### WHAT IS EXPECTED
When you copy from the entries that follow, take only the lines from the one with "Schilderij Luchtig abstract" down to the one with "way to Denver.", keeping both ends and dropping every picture.
EXTRACTED ENTRIES Block Start
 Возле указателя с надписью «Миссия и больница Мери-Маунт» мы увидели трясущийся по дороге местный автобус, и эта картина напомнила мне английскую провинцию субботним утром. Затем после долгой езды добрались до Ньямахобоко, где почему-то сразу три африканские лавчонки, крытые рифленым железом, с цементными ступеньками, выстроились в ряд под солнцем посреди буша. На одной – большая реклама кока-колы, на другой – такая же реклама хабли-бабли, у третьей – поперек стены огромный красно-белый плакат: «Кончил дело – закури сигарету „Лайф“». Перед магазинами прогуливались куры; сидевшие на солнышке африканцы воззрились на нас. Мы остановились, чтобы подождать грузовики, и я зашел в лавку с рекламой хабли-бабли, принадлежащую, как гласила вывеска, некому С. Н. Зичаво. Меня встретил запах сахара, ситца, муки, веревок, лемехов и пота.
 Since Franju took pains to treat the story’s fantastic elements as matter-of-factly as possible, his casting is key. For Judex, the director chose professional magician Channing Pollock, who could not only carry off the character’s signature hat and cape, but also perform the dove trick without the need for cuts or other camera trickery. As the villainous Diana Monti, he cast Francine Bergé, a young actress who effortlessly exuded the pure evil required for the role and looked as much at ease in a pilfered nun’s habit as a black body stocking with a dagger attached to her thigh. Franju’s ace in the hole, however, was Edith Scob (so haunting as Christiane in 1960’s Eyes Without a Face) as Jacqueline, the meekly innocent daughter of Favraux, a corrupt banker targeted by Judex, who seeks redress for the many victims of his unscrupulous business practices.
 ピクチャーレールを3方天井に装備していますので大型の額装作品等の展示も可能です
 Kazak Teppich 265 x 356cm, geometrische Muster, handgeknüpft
EXTRACTED ENTRIES Block End
EXTRACTED ENTRIES Block Start
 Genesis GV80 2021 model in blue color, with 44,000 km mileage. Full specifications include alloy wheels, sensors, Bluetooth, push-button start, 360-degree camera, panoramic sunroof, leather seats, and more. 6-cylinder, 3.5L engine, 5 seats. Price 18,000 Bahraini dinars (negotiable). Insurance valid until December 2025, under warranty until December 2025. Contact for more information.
EXTRACTED ENTRIES Block End
EXTRACTED ENTRIES Block Start
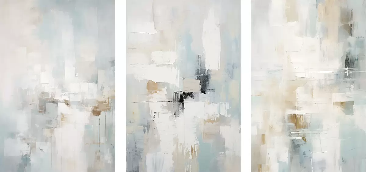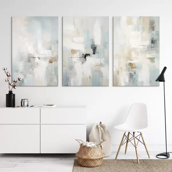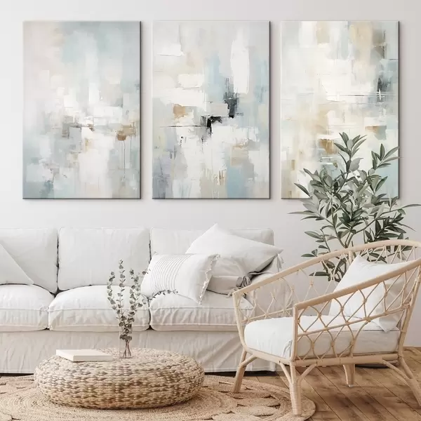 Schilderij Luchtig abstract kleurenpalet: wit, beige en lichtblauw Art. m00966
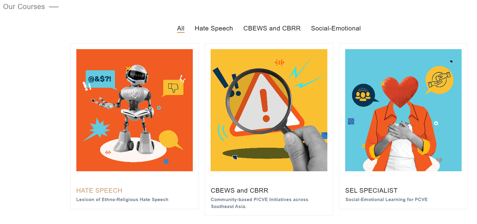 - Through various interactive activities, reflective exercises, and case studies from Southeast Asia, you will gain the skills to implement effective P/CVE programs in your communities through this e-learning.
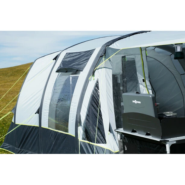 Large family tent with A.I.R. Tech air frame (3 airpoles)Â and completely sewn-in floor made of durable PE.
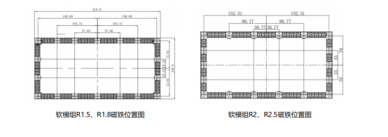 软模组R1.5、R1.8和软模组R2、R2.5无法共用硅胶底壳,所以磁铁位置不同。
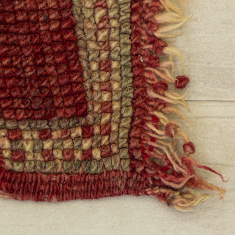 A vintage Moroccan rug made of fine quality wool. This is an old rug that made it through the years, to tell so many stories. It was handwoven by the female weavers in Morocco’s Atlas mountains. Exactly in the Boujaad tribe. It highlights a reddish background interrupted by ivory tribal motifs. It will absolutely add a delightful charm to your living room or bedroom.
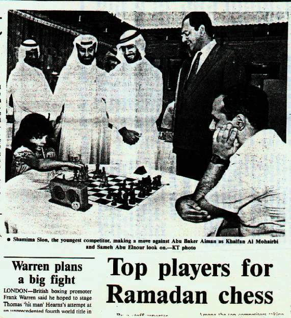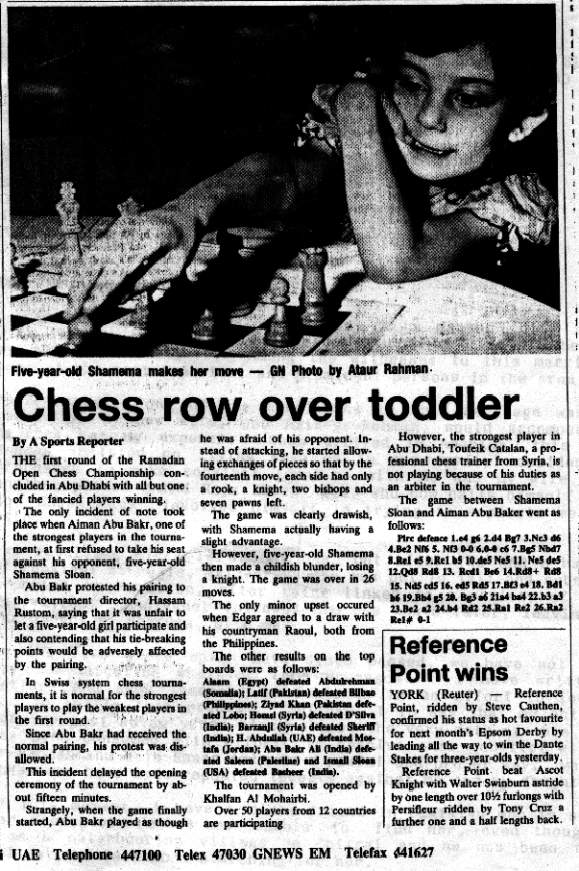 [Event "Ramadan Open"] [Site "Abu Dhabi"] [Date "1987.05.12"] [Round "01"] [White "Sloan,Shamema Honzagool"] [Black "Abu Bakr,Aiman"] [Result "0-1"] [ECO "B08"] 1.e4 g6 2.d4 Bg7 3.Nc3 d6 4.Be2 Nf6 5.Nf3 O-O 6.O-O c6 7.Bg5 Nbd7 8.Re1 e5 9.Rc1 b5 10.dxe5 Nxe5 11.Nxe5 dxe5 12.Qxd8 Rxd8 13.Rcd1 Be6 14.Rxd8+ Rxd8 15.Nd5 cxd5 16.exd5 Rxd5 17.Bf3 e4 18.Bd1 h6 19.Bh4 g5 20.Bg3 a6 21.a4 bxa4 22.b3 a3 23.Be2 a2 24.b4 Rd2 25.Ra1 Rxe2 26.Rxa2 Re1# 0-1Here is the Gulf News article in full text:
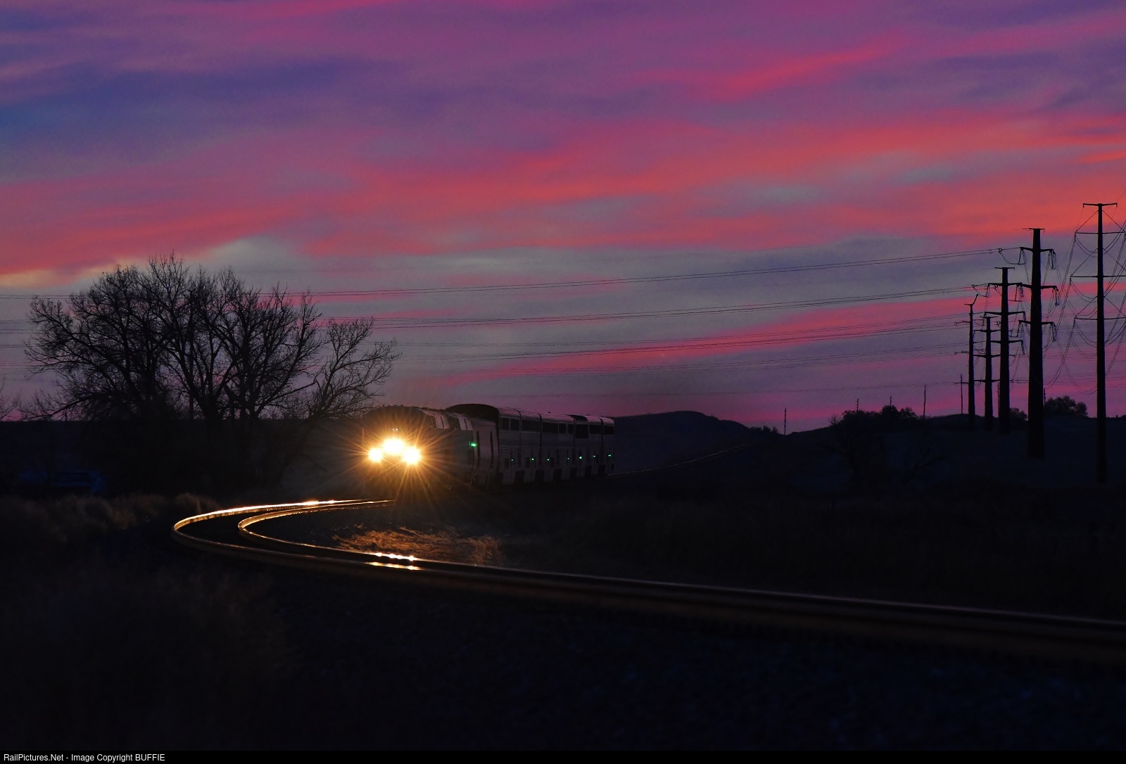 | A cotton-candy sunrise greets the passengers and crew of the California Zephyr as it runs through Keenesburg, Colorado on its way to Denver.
EXTRACTED ENTRIES Block End
### TASK RESPONSE
 Schilderij Luchtig abstract kleurenpalet: wit, beige en lichtblauw Art. m00966
 - Through various interactive activities, reflective exercises, and case studies from Southeast Asia, you will gain the skills to implement effective P/CVE programs in your communities through this e-learning.
 Large family tent with A.I.R. Tech air frame (3 airpoles)Â and completely sewn-in floor made of durable PE.
 软模组R1.5、R1.8和软模组R2、R2.5无法共用硅胶底壳,所以磁铁位置不同。
 A vintage Moroccan rug made of fine quality wool. This is an old rug that made it through the years, to tell so many stories. It was handwoven by the female weavers in Morocco’s Atlas mountains. Exactly in the Boujaad tribe. It highlights a reddish background interrupted by ivory tribal motifs. It will absolutely add a delightful charm to your living room or bedroom.
 [Event "Ramadan Open"] [Site "Abu Dhabi"] [Date "1987.05.12"] [Round "01"] [White "Sloan,Shamema Honzagool"] [Black "Abu Bakr,Aiman"] [Result "0-1"] [ECO "B08"] 1.e4 g6 2.d4 Bg7 3.Nc3 d6 4.Be2 Nf6 5.Nf3 O-O 6.O-O c6 7.Bg5 Nbd7 8.Re1 e5 9.Rc1 b5 10.dxe5 Nxe5 11.Nxe5 dxe5 12.Qxd8 Rxd8 13.Rcd1 Be6 14.Rxd8+ Rxd8 15.Nd5 cxd5 16.exd5 Rxd5 17.Bf3 e4 18.Bd1 h6 19.Bh4 g5 20.Bg3 a6 21.a4 bxa4 22.b3 a3 23.Be2 a2 24.b4 Rd2 25.Ra1 Rxe2 26.Rxa2 Re1# 0-1Here is the Gulf News article in full text:
 | A cotton-candy sunrise greets the passengers and crew of the California Zephyr as it runs through Keenesburg, Colorado on its way to Denver.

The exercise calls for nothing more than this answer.